*** Opening INPUT MATERIAL ***

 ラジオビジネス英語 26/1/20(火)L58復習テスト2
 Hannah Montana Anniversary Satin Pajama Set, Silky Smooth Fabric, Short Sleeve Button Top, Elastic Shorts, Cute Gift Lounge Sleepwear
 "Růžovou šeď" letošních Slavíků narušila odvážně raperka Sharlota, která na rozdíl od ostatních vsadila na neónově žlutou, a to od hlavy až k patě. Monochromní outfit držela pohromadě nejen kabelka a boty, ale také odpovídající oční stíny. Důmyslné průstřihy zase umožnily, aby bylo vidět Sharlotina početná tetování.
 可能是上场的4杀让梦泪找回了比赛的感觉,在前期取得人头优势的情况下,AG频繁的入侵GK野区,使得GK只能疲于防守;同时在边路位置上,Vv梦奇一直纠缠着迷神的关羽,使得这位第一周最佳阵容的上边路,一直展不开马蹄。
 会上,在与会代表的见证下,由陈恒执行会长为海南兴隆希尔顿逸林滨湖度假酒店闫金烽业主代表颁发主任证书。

*** Closing INPUT MATERIAL ***
*** Opening INPUT MATERIAL ***

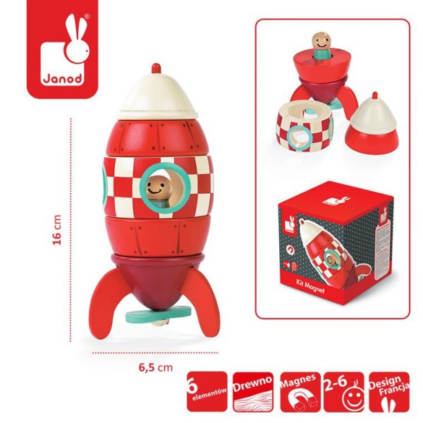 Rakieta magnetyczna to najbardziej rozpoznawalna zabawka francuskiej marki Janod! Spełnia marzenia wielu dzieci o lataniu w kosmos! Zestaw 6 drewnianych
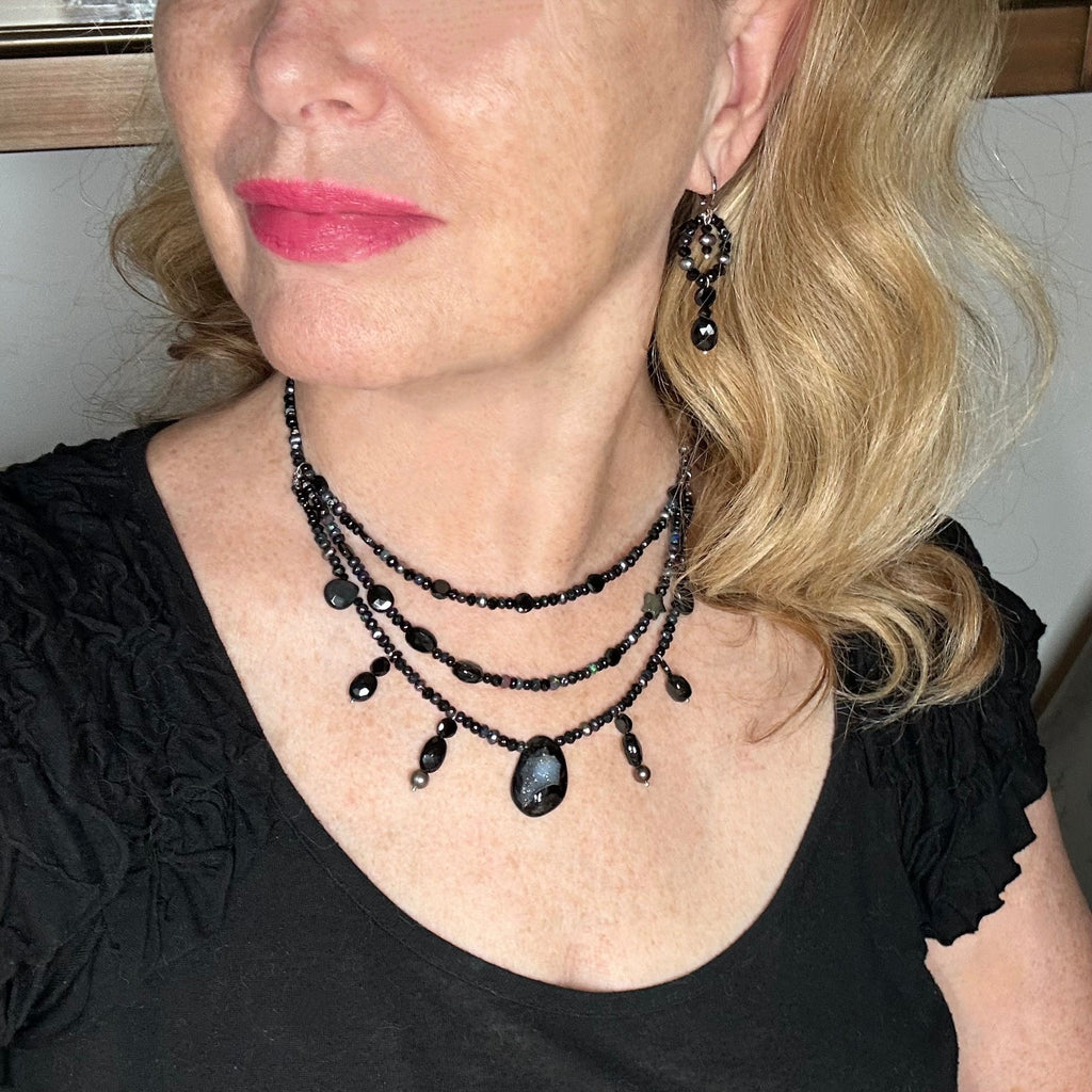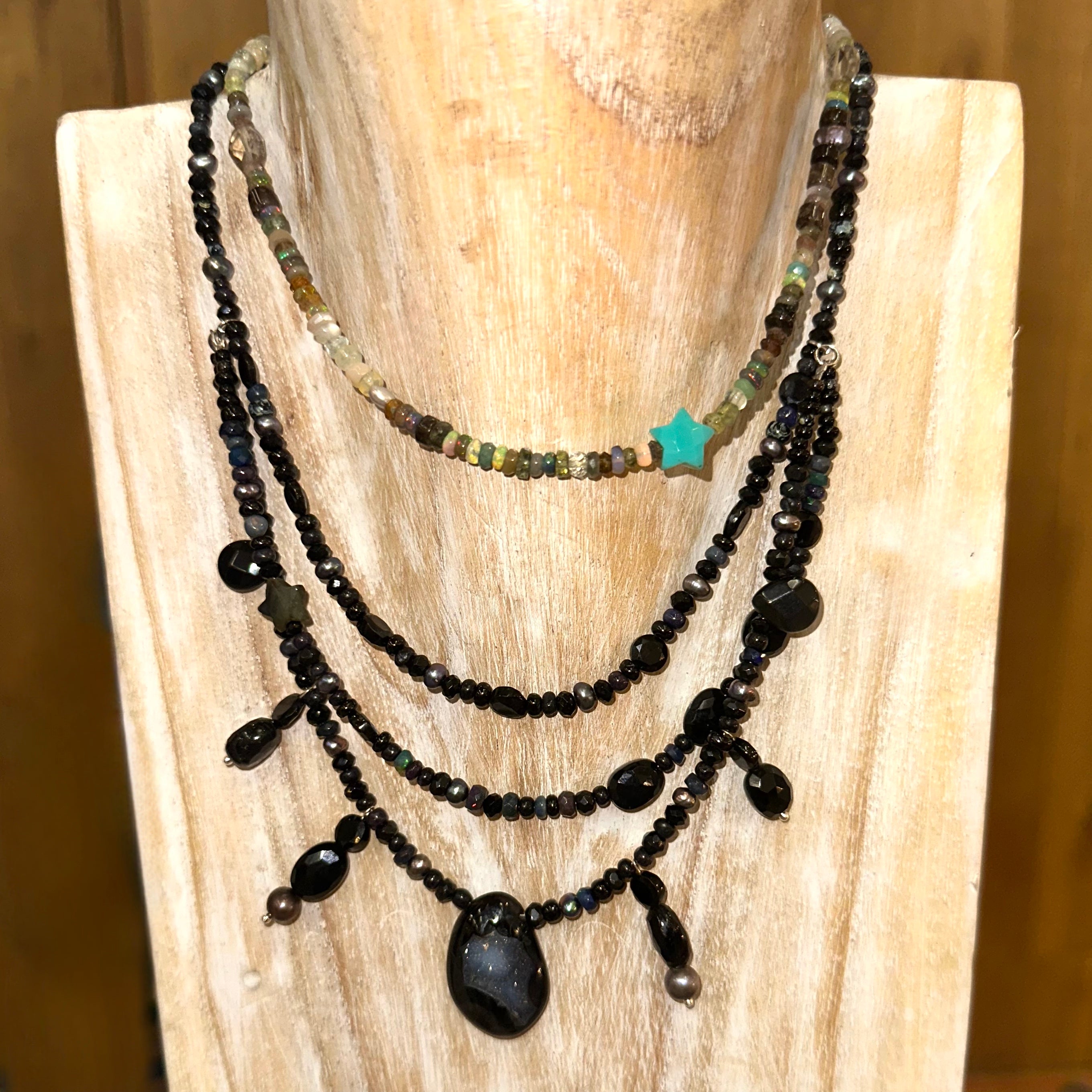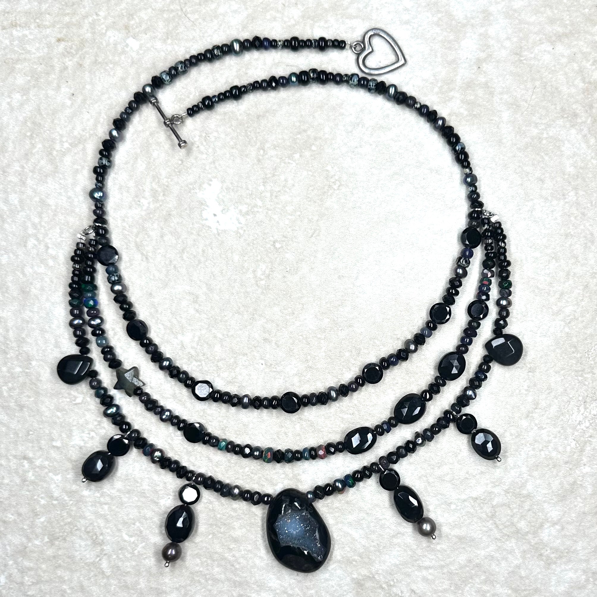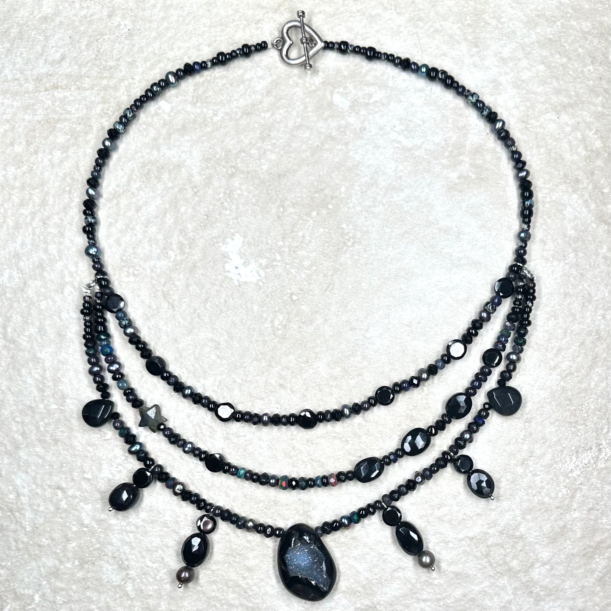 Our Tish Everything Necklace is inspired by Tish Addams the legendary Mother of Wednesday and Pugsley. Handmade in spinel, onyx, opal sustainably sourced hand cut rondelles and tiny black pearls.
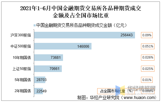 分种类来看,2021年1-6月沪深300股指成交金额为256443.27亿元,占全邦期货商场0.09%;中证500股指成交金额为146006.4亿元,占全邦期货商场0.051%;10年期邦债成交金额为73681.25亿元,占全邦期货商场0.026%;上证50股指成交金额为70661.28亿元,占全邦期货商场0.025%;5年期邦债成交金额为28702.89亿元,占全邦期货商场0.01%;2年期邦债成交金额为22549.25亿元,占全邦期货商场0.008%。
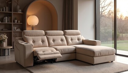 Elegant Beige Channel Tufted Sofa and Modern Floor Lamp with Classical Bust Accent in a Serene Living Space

*** Closing INPUT MATERIAL ***
*** Opening INPUT MATERIAL ***

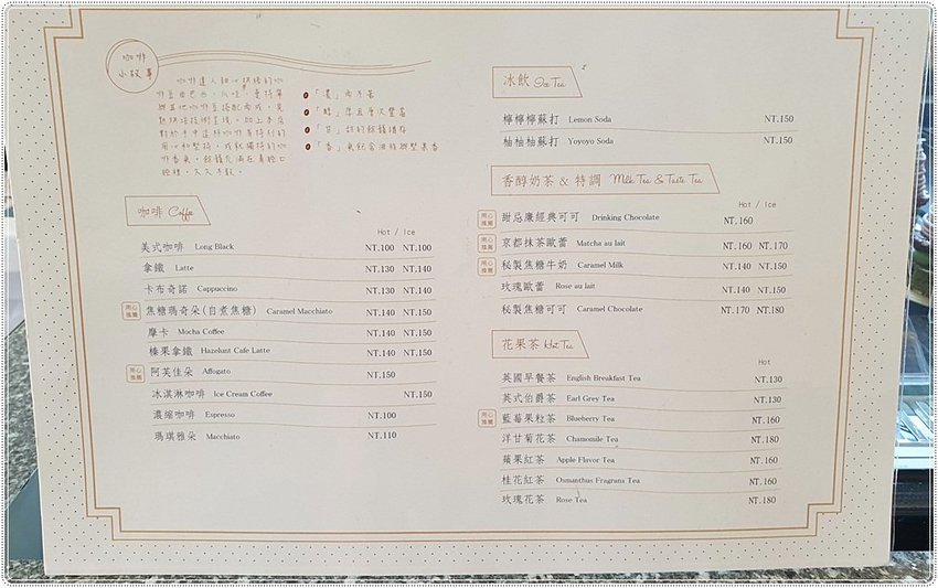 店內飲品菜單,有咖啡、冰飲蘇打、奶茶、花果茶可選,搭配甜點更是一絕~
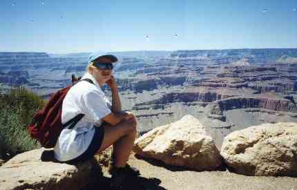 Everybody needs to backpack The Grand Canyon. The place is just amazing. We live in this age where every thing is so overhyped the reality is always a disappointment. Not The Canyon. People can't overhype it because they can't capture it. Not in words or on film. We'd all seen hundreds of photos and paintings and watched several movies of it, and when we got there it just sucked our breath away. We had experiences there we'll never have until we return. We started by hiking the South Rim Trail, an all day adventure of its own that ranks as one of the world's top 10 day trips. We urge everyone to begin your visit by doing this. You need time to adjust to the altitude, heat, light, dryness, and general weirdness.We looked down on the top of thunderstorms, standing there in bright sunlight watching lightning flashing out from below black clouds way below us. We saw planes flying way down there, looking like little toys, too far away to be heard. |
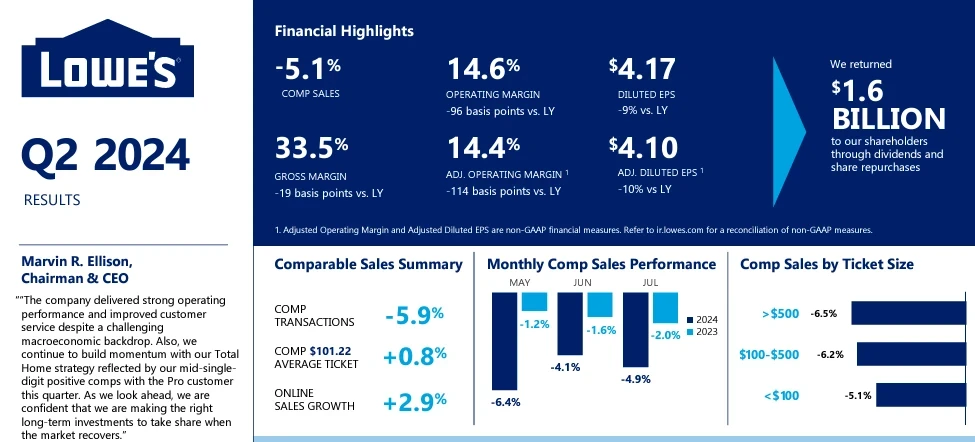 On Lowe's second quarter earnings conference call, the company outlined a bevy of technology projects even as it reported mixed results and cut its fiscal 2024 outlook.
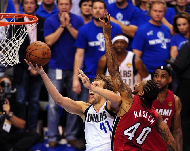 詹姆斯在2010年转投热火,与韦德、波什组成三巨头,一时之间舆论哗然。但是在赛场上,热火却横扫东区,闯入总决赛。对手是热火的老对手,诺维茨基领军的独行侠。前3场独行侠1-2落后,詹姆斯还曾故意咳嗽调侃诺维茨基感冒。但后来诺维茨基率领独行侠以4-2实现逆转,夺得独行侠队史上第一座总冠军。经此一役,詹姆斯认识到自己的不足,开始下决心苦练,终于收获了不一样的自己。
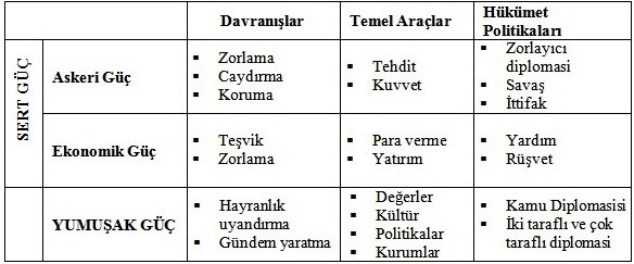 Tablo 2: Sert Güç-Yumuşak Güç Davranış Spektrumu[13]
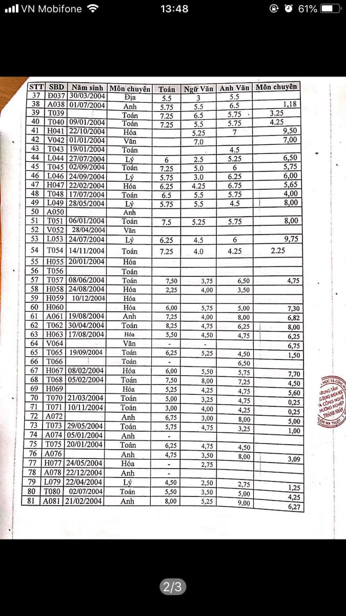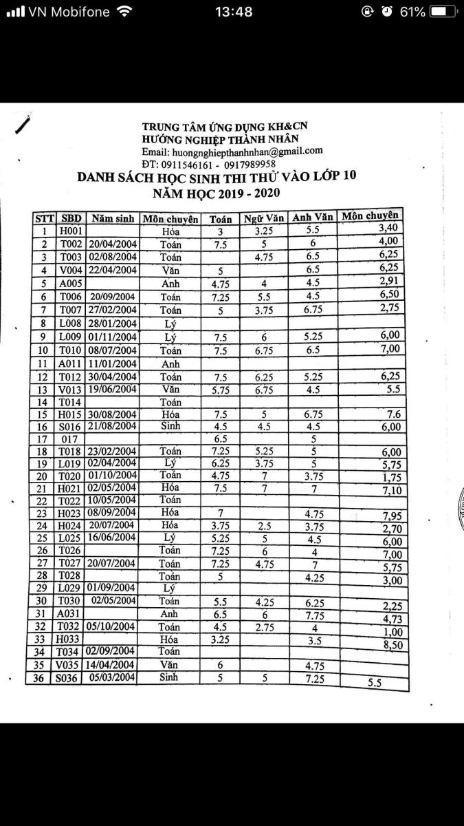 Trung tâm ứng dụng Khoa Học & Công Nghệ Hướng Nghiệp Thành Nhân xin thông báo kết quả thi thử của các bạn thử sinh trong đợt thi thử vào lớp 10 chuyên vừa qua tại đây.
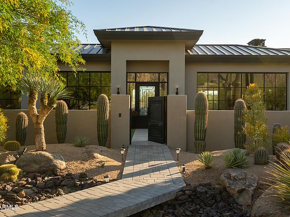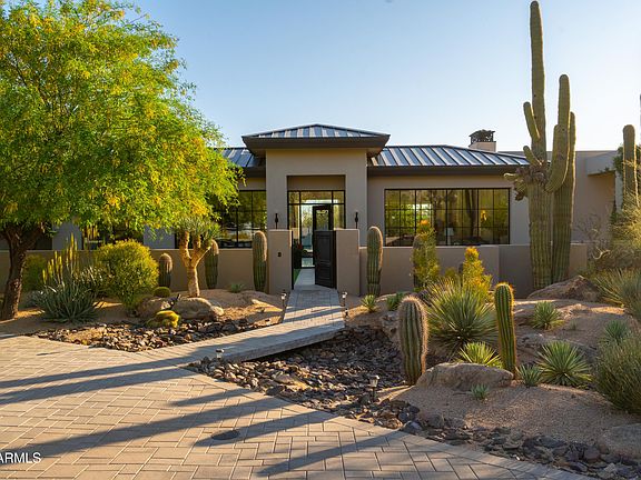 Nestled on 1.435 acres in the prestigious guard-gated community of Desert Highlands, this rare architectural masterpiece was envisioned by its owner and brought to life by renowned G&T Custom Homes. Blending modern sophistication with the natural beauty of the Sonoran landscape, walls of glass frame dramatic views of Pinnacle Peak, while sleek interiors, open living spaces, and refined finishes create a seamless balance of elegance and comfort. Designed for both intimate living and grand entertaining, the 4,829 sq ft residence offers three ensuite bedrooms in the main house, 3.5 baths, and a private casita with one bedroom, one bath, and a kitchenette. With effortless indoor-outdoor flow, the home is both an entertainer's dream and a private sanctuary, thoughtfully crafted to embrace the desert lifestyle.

*** Closing INPUT MATERIAL ***

_PROBLEM STATEMENT_
Starting at the line above that contains "Sharlotina početná tetování.", write out each line exactly until the line that contains "可能是上场的4杀让梦泪找回了" has been written, and stop there.

_FINISHED TASK_
 "Růžovou šeď" letošních Slavíků narušila odvážně raperka Sharlota, která na rozdíl od ostatních vsadila na neónově žlutou, a to od hlavy až k patě. Monochromní outfit držela pohromadě nejen kabelka a boty, ale také odpovídající oční stíny. Důmyslné průstřihy zase umožnily, aby bylo vidět Sharlotina početná tetování.
 可能是上场的4杀让梦泪找回了比赛的感觉,在前期取得人头优势的情况下,AG频繁的入侵GK野区,使得GK只能疲于防守;同时在边路位置上,Vv梦奇一直纠缠着迷神的关羽,使得这位第一周最佳阵容的上边路,一直展不开马蹄。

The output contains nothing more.